1.   Any federal plan to control spending must first deal with the waste of financial resources on outsourcing.

2.   The Institute calls on the federal government to maintain the competitiveness of its employees’ compensation by providing sufficient funds for decent wage increases. This includes the need to protect employees’ pension and benefits and to bargain fair working conditions without arbitrarily using its legislative powers.

3.   We recommend that the government prioritize the value and importance of public science and invest more strongly in its efforts for fostering in-house research and development. Such efforts are necessary for the formulation of evidence-based government policy so as to provide crucial innovations and regulations for sustained Canadian social and economic development.

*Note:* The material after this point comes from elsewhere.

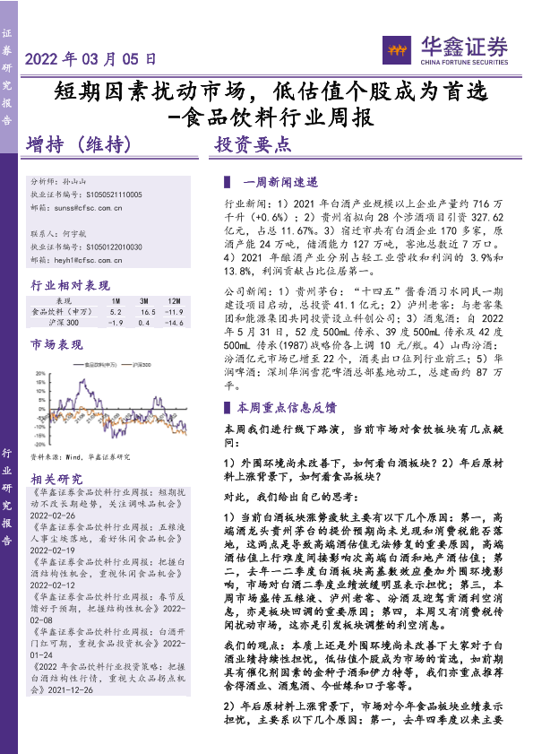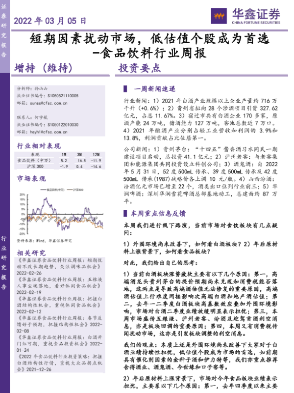 【华鑫证券】【20220305】20220305-华鑫证券-食品饮料行业周报:短期因素扰动市场,低估值个股成为首选-14页

[i]       Parliamentary Budget Office, “Fiscal Transparency: Parliament and the Expenditure Management System Analysis of Government Responses to a Motion of the House of Commons Standing Committee on Finance,” Ottawa, Canada, February 25, 2011. Available at:  http://www2.parl.gc.ca/sites/pbo-dpb/documents/Fiscal_Transparency_EN.pdf

[ii]      Table A2.2, Available at: http://www.budget.gc.ca/2009/plan/bpa2-eng.html

[iv]     David MacDonald. “The Shadow Public Service.” CCPA, March 2011.

[v]      Statistics Canada: CANSIM - TABLE 051-0005 Estimates of Population, Canada, provinces and Territories

[vi]     Statistics published in the 2009/2010 Public Service Commission annual report show that, the executive population has grown by 24% (from 3,799 to 4,716) between 2005 and 2009, compared to only a 14% increase in the core public administration workforce.

[vii]    To address some of the staffing problems late 1990s and reduce the negative pay gap with the private sector, the Treasury Board Secretariat offered many of its key professional employees (such as the IT specialists, engineers, research scientists, medical doctors, nurses…) a significant bonus payment commonly called “Terminable Allowance”.

[viii]   In 2007, one year before the current recession, the Treasury Board Secretariat released a report on the federal public sector compensation and comparability commonly known as the Lahey Report. One of the major findings of that report was that the compensation package offered to public service professionals is comparable to the one offered to their private sector counterparts.

[ix]     Organisation for Economic Cooperation and Development, Main Science Indicators, various years.